If you want to evaluate where your content currently sits before a conversation, the free AEO content evaluator scores your pages against the CITABLE framework in minutes. If you'd rather talk through your current citation rate and what's realistic for your category, book a call and we'll tell you honestly whether we're a fit.
FAQs
How do I evaluate an agency's AEO methodology?
Ask three specific questions: how their content structure targets dense passage retrieval, what section length and format they use for RAG (Retrieval-Augmented Generation) compatibility, and how they measure extractability across a defined query set. If the answers focus on keyword clusters or meta descriptions without referencing semantic structure or passage selection, the methodology hasn't moved past traditional SEO.
What attribution proof should I ask for?
Ask for a named SaaS case study that shows AI-referred sessions in GA4 or HubSpot, a "how did you hear about us" field capturing AI platform mentions, and an MQL-to-opportunity conversion rate attributed to AI-referred traffic. Generic traffic increases or ranking improvements without a pipeline number aren't sufficient attribution proof for a board-level conversation.
Are annual contracts ever justified for AEO work?
Rarely, because AI platform behavior can change on a 6 to 12 month cycle and retrieval strategies may need adjustment accordingly. Month-to-month terms are the standard that credible agencies should offer, with initial citation signal appearing in weeks 1 to 2 and meaningful citation lift by months 3 to 4.
How long should it take to see initial results?

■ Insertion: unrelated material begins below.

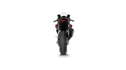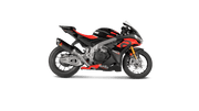 The combination of race-proven, lightweight materials, exceptional production quality, perfect design, amazing sound, and top performance makes this exhaust a must-have for discerning riders that demand the best. It is constructed with a carbon-fibre muffler outer sleeve and end cap, with a fully titanium link pipe and inner muffler structure, matched to high-grade titanium alloy for the headers and collectors, resulting in a full system that is 44% lighter than stock. Developed for use on closed-course competition circuits, this racing track–oriented system requires mandatory remapping and removal of the passenger footrest. It delivers increases of power and torque of 4.0 kW (5.4 hp) at 13,000 rpm and 3.8 Nm at 7,700 rpm when measured in back-to-back comparisons against an Aprilia RSV4 with a standard stock system on the in-house dyno. This race-developed system delivers a distinctive deep, sporty sound, perfectly endorsing the Akrapovič character.
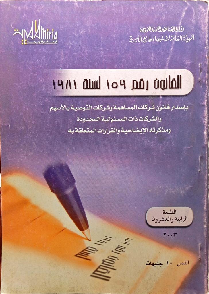 القانون رقم 159 لسنة 1981 بإصدار قانون شركات المساهمة وشركات التوصية بالأسهم والشركات ذات المسئولية المحدودة

Initial citations may begin appearing within weeks of CITABLE-structured content going live, and meaningful citation rate lift across a defined query set typically takes several months of consistent execution. Agencies promising significant pipeline impact in under 30 days may be measuring early signals rather than sustainable pipeline contribution.
Key terms glossary
Citation rate measures what percentage of relevant buyer queries result in your brand appearing in AI responses. If you test 100 high-intent buyer questions and your brand appears in 15 AI responses, your citation rate is 15%.
Mention rate calculates the percentage of relevant queries where your brand appears in the AI response. This metric requires a consistent query set and honest error-bar acknowledgment, because AI visibility measurement involves probabilistic elements.
Share of voice tracks your brand's visibility relative to the competitors your buyers are evaluating. It shows your brand's presence in AI responses compared to direct competitors on the same query set.
Answer Engine Optimisation (AEO) is the practice of structuring content for citation in AI-generated answers from ChatGPT, Claude, Perplexity, and Google AI Overviews. It targets passage retrieval and extractability rather than keyword density and ranking.
Dense Passage Retrieval is a neural retrieval method that selects passages based on semantic meaning rather than keyword matching. Dense retrievers outperformed BM25 by 9-19 points on top-20 passage retrieval accuracy, meaning content structured for semantic meaning gets selected more often by AI systems.